The rapid development of information and communication technologies and the widespread use of the Internet has made it imperative to implement advanced user authentication methods based on the analysis of behavioural biometric data. In contrast to traditional authentication techniques, such as the simple use of passwords, these new methods face the challenge of authenticating users at more complex levels, even after the initial verification. This is particularly important as it helps to address risks such as the possibility of forgery and the disclosure of personal information to unauthorised individuals. Users can be categorised using keystroke dynamics, in terms of the age group they belong to and in terms of their educational level, with high accuracy rates, which is a strong indication for the creation of applications to enhance user security and facilitate their use of Internet services.
1. Introduction
Communication technologies have brought about many different changes in the way the average person lives. As the Internet becomes an integral part of everyday life of more and more people, the need to accurately identify the demographic characteristics of Internet users has become paramount, for several reasons. The reasons for this are varied and related to user security and the best use of Internet services. Profiling unknown users by identifying certain inherent or acquired characteristics, such as their age and educational level, is essential for various applications, including personalised content delivery, targeted advertising, and customisation of the user experience. In this context, the use of keystroke dynamics as a means of extracting valuable demographic information has garnered considerable attention. Keystroke dynamics, a branch of behavioural biometrics, focuses on analysing the unique typing patterns exhibited by individuals [
1]. These rhythms and patterns are idiosyncratic [
2], in the same way as an individual’s handwriting or signature, due to the similar underlying neurophysiological mechanisms. By studying different typing patterns and their correlations with demographic characteristics, keystroke dynamics provides a novel approach to demographic profiling.

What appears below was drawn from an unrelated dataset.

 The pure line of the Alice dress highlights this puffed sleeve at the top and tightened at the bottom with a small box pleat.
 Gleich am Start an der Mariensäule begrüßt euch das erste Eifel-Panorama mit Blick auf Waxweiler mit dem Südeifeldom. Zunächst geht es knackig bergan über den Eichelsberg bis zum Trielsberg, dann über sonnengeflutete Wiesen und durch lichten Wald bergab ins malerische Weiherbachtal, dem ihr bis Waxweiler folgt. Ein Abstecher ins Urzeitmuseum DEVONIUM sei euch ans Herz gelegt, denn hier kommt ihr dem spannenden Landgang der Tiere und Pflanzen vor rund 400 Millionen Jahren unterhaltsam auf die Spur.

2. Keystroke Dynamics in Personal Characteristics Protection
The idea of keystroke dynamics dates back to the late 1800s. In fact, it came from a long-held belief that Morse code senders could identify each other by speed and rate of transmission. In addition, telegraphers identified each other through what they called the “sender’s punch”. The U.S. National Science Foundation, or NSF, conducted research in the 1980s that determined that each person has his or her own keyboard writing style. This is achieved through the NSF’s keystroke recognition method, which analyses and processes the way a person writes on their keyboard [
4].
As early as the mid-1970s, the examination of how the way one uses the keyboard can be a recognisable hallmark began. This was first highlighted in Spillane’s research [
5], where the idea of identifying users by the way they type was introduced. Also, an important contribution was made through the publication of the study by Forsen et al. [
6], where keystroke dynamics was analysed as one of the biometric characteristics that can be used to verify the identity of a user requesting access to a system. One of the first studies on this topic was conducted by Gaines et al. [
7]. They had a group of seven secretaries write the same three paragraphs twice over a period of four months. A total of 300 to 400 words were required both during the writing phase and for each comparison. Time delays between successive typing were measured, and the analysis was based on a limited number of digraphs (two consecutive letters). Although the results were very encouraging (FAR 0% and FRR 4%), the sample size was too small and the volume of data required was too large.

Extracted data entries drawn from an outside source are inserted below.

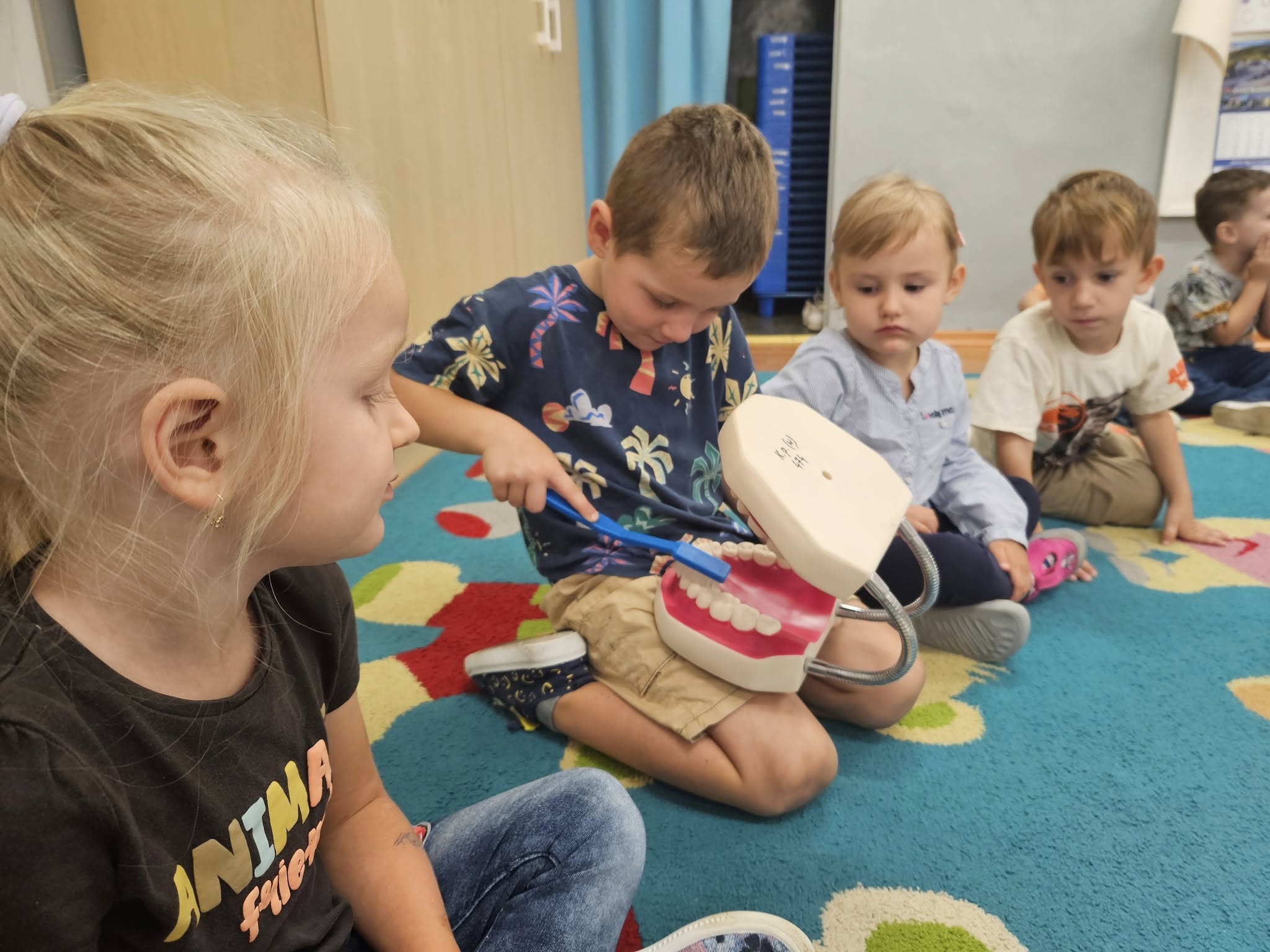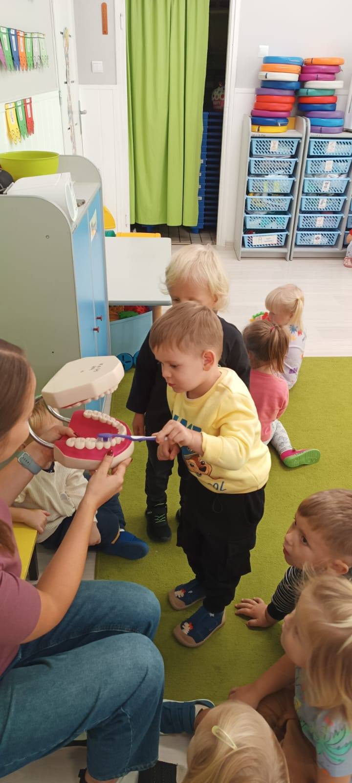 Krasnalki, Misie i Żabki  uczestniczą w programie edukacyjnym Czyściochowa Akademia i poznają zasady dbania o ząbki.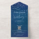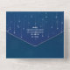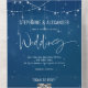 Rustic Blue Background with Beautiful String Lights Wedding Invitation. QR Code Individual Guest Names and Addresses Wedding All In One Invitation. PLEASE NOTE no envelope is necessary for this practical all in one invitation and RSVP. Add your QR code to your wedding website as a convenient option for your guests to RSVP or they can use the tear off section to post their reply back to you if they prefer. Your QR code will be automatically generated to update the sample code in the design, when you simply change the sample URL in the template with your own wedding website URL.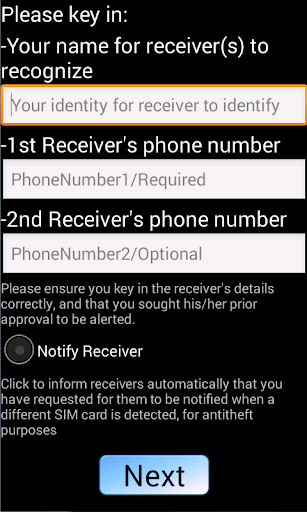 You can assign a friend or relative to this app, and in the event that your SIM card is replaced ( because of theft, for example), a SMS notification together with your phone IMEI number (for identifying your phone later on) will automatically be sent to your chosen friend/relative to alert him/her using the new SIM card user's phone number.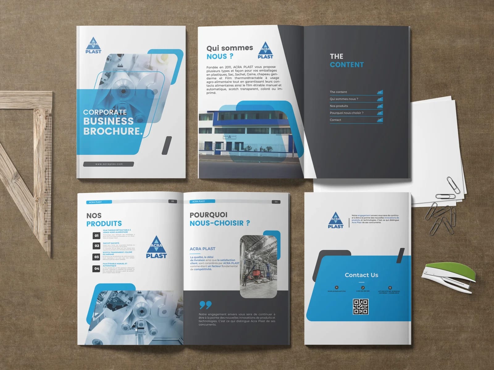 Nous avons mis en œuvre un processus de conception rigoureux, en tenant compte de la charte graphique d’Acraplast. Les rabats ont été optimisés pour une tenue sécurisée des documents. Le choix des couleurs et des typographies a été fait pour renforcer la reconnaissance de marque.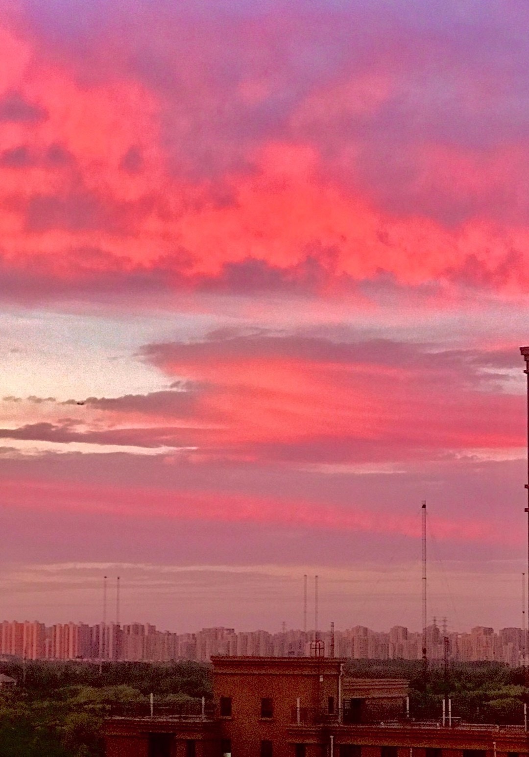 颜值爆表的清晨,霞光万丈为我们点亮了美好的一天,出行的朋友注意高温天气!

Another study was conducted by Umphres and Williams in 1985 [
8]. In this work, the time delay between consecutive key presses was also used to authenticate the user. It took approximately 1400 key presses to generate a profile for each user. Each time authentication was required, another 300 characters were required. The FAR achieved was 6%, but it is clear that the volume of data required was particularly large. Also, a similar study was conducted by Leggett and Williams [
9] with data obtained from 17 computer programmers. The system developed showed an FAR of 5% and an FRR of 5.5%. However, a major drawback of this method is the need for a large amount of data. In total, each programmer had to write over 1000 words.
In a different field, Pentel [
23] focused on the analysis of unintended user activities in human–computer interactions. While user interfaces are usually designed to react only to intentional commands, users often perform unintentional activities that produce many cues for the user and can be used to plan the appropriate response by the system. Specifically, the goal of the research was to predict the age and gender of users through the analysis of data generated from mouse and keyboard devices. These data were collected from six different systems from 2011 to 2017 and include information from 1519 individuals. The machine learning models were able to predict both the age and gender of the user with very high accuracy. In particular, the F-score and accuracy metrics were above 0.9.
The study of Schler et al. [
26] was the search for the age of the author of a blog. The researchers collected their data from 71,493 blogs, which they classified according to the age of the author. For several of them, no age information was available, and for some of the classes they created, there were not enough data, resulting in three classes: the 10s (age group 13–17), the 20s (age group 23–27), and what they called the 30s (age group 33–46). As features for the classification, they used the frequency of occurrence of some words. The multi-class real Winnow algorithm was used for classification, in which for each class, a vector of as many dimensions as the set of parameters chosen was defined. The final results proved that the age group of blog creators could be correctly predicted with 73% accuracy.
The study by Rao et al. [
27] aims to identify the characteristics of Twitter users, especially their age group, gender, region origin, and political orientation. They proposed an approach to automatically discover a number of user attributes by examining their status messages, the social network structure, and the communication behaviour of the users. SVM was chosen as the classifier, and users were divided into people over 30 and under 30. The researchers tested the system and attained a classification accuracy rate of about 74%.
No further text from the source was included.